From the Guidelines
The recommended treatment for necrotizing fasciitis involves immediate surgical debridement combined with broad-spectrum antibiotics, with the goal of reducing morbidity, mortality, and improving quality of life. Surgery should be performed urgently to remove all infected and necrotic tissue, often requiring multiple debridements, as suggested by the 2014 update by the Infectious Diseases Society of America 1. Initial antibiotic therapy should include agents that cover gram-positive, gram-negative, and anaerobic organisms, such as a combination of piperacillin-tazobactam or meropenem, plus vancomycin or linezolid.
- The choice of antibiotics should be based on the most recent and highest quality study, which recommends empiric treatment with broad-spectrum antibiotics, including coverage for MRSA and invasive GAS virulence proteins 1.
- For group A streptococcal infections, adding clindamycin is recommended to inhibit toxin production, as it has been shown to be superior to penicillin in animal models and observational studies 1.
- Antibiotics should be adjusted based on culture results and continued for at least 48-72 hours after the patient is clinically stable with no fever or leukocytosis, as recommended by the 2018 WSES/SIS-E consensus conference 1.

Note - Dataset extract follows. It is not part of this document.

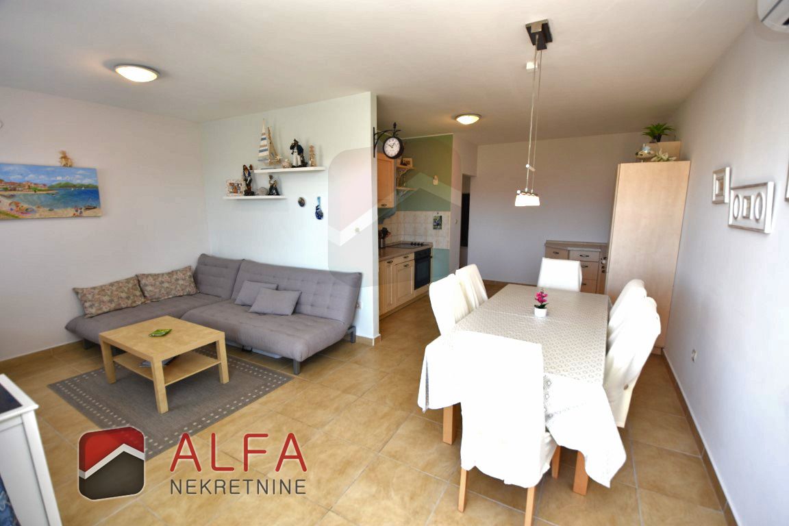 Stan je klimatiziran, potpuno opremljen i prodaje se s cjelokupnim namještajem, što budućem vlasniku omogućava trenutačno useljenje bez dodatnih ulaganja.

- Supportive care is essential, including fluid resuscitation, pain management, and nutritional support, to reduce morbidity and mortality.
- Hyperbaric oxygen therapy may be considered as an adjunctive treatment in certain cases, although its effectiveness is still being studied.

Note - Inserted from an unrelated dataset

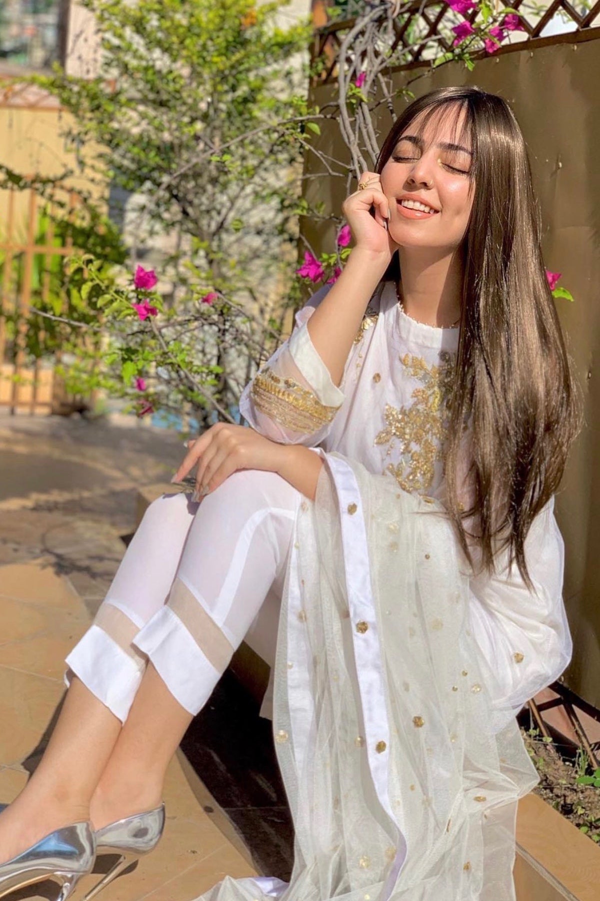 The sleek and straight cut are beautifully complimented by lavish zardozi and gotta work and coincide with luxe gotta dopta and straight pants.

- Early diagnosis is critical, as mortality increases with delayed surgical intervention, with the infection rapidly spreading along fascial planes and causing tissue destruction through bacterial toxins and enzymes that impair blood supply and cause tissue necrosis.

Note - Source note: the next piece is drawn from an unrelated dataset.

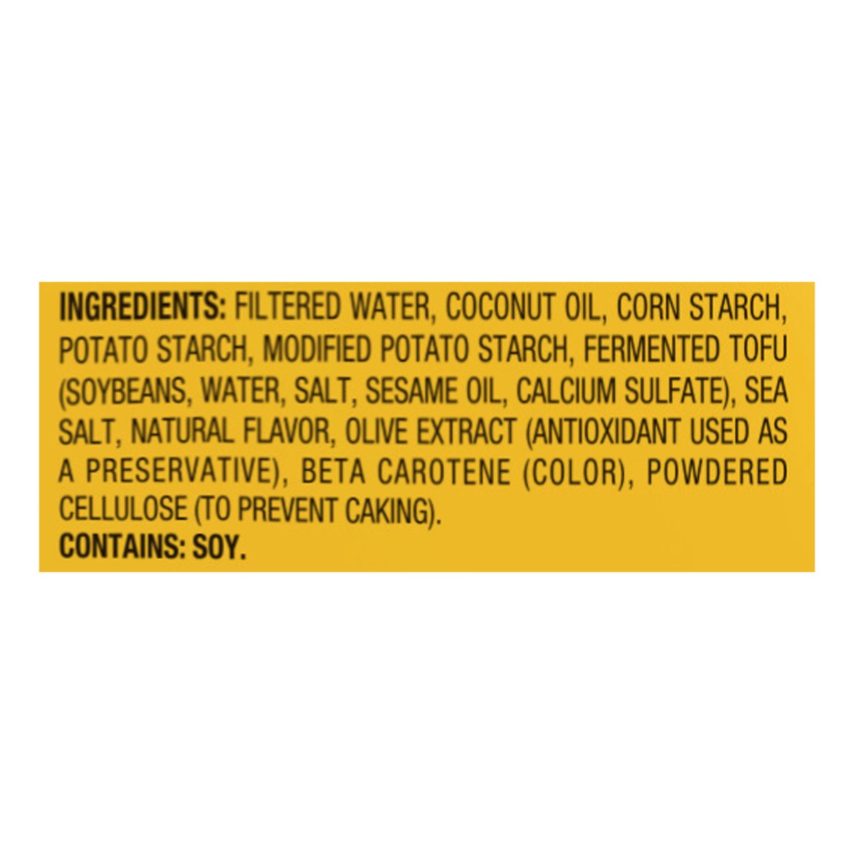FILTERED WATER; COCONUT OIL; CORN STARCH; MODIFIED POTATO STARCH; MODIFIED TAPIOCA STARCH; SEA SALT; FERMENTED TOFU (SOYBEANS; WATER; SALT; SESAME OIL); NATURAL FLAVOR; OLIVE EXTRACT (ANTIOXIDANT USED…

- The use of procalcitonin monitoring may be useful to guide antimicrobial discontinuation, as it has been shown to be a useful biomarker in patients with bacterial infections 1.
From the Research
Treatment Overview
The recommended treatment for necrotizing fasciitis involves a combination of aggressive surgical management, broad-spectrum antibiotic therapy, and supportive care.
- Surgical debridement is the mainstay of treatment, with the goal of removing all necrotic tissue to prevent further spread of the infection 2, 3, 4, 5, 6.
- Broad-spectrum antibiotics should be initiated promptly to cover a range of potential pathogens, including group A streptococcus, Staphylococcus aureus, and Gram-negative bacteria 3, 5.
- Supportive care, such as fluid resuscitation, nutritional support, and wound care, is also crucial in managing patients with necrotizing fasciitis 4, 5.
Surgical Management
Surgical debridement should be performed urgently, with the goal of removing all necrotic tissue to prevent further spread of the infection.
- Repeated surgical debridement may be necessary to ensure complete removal of necrotic tissue 2, 5.
- Amputation of the affected limb may be necessary in some cases to prevent further spread of the infection 2.
Diagnostic Methods
Diagnosis of necrotizing fasciitis relies on a combination of clinical symptoms, laboratory markers, and imaging studies.
- The Laboratory Risk Indicator for Necrotizing Fasciitis (LRINEC) score can be used to aid in diagnosis, with a positive predictive value of 92% 6.
- Intraoperative tissue culture is considered the gold standard for diagnosis 5.
- Frozen section tissue biopsy can be a useful adjunct in establishing an early, accurate diagnosis of necrotizing fasciitis 4.
Adjuvant Therapies
Adjuvant therapies, such as intravenous immunoglobulin (IVIG) and hyperbaric oxygen therapy (HBOT), may have a role in the management of necrotizing fasciitis.